Kristjan Mäe: NATO deterrence and defense stance in the coronavirus crisis

Kristjan Mäe, head of the Ministry of Defense's NATO and EU department.
Kristjan Mäe, head of the Ministry of Defense's NATO and EU department. Source: Ardi Hallismaa

The global COVID-19 pandemic has been taking a toll on the transatlantic family for some weeks, while it has taught Estonia and its allies in NATO many important lessons, writes Kristjan Mäe, head of the Ministry of Defense's NATO and EU department.

Heads of state and governments are concentrating mainly on combating the healthcare and economic crises, while we cannot forget that the remaining dimensions of security, including conventional military threats, have not disappeared (more on that in the Foreign Intelligence Service's 2020 report).

"Culture of readiness" has been an important concept in NATO language since Russia's military aggression against Ukraine, while the cast of mind of preparing for crises and worst-case scenarios is in the DNA of defense ministries and armed forces, it is our raison d'etre.
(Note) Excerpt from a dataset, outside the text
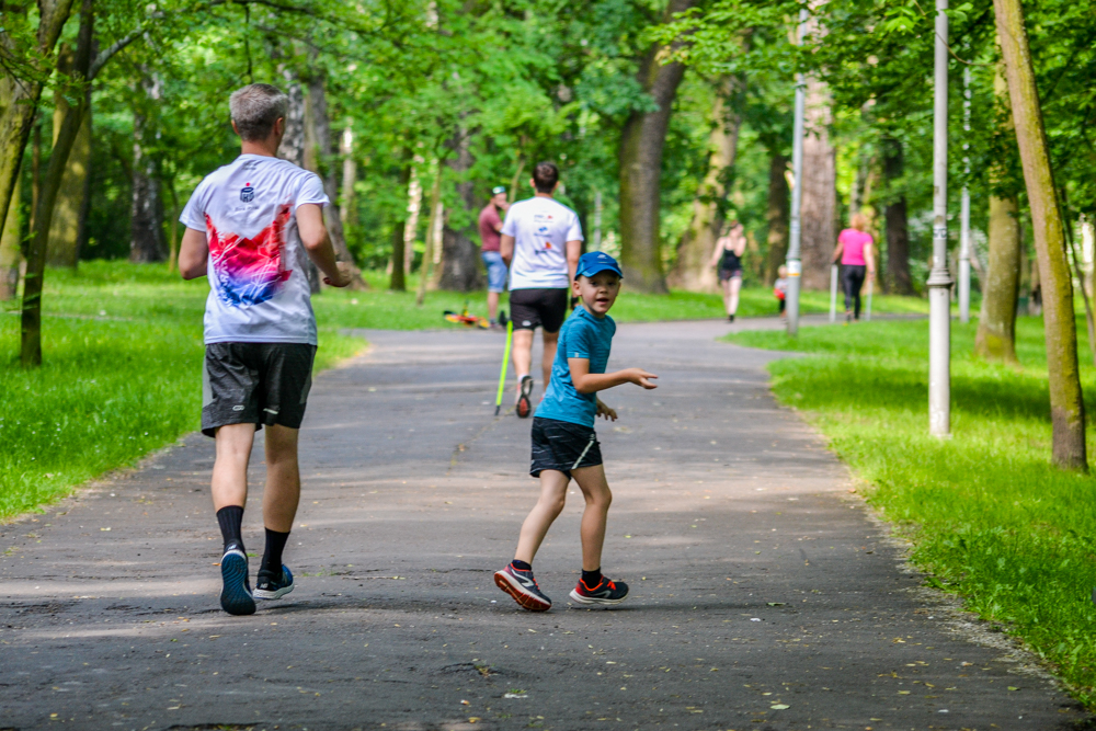 Kilkadziesiąt osób spotkało się w Parku Kościuszki na kolejnej edycji parkrun Katowice. I tym razem była dodatkowa okazja do świętowania: Dzień Dziecka.

Therefore, it is only natural that our people, civilian and military know-how and resources support societies in combating civilian crises, without jeopardizing situational awareness and defense readiness.

Strong foundation begins with solidarity

NATO's strength and unity are built on solidarity – from political declarations and crisis management operations all the way to the implementation of Article Five of the North Atlantic Treaty. Solidarity has few applicable metrics, while the speed of political decisions is one.

Do we still remember that moment in the early spring of 2014 when U.S. fighter jets landed at the Ämari Airbase a mere day after our defense minister called for help? Rapid deterioration of the security situation makes hours seem like days, days like weeks and weeks like months.

Allied relations key to Estonia's continuity

Estonia does not have an extensive toolbox for helping its allies, while speed can multiply a small country's effective capacity. Let us think back if only to the benefit of Iceland's decision to be the first country to recognize the independent Republic of Estonia on August 22, 1991.

The Estonian government's decision to support Spain and Italy – allies suffering the most in the coronavirus crisis – as soon as possible was also of key importance. That is precisely why we should keep in mind our allied obligations when creating Estonia's continuity supplies.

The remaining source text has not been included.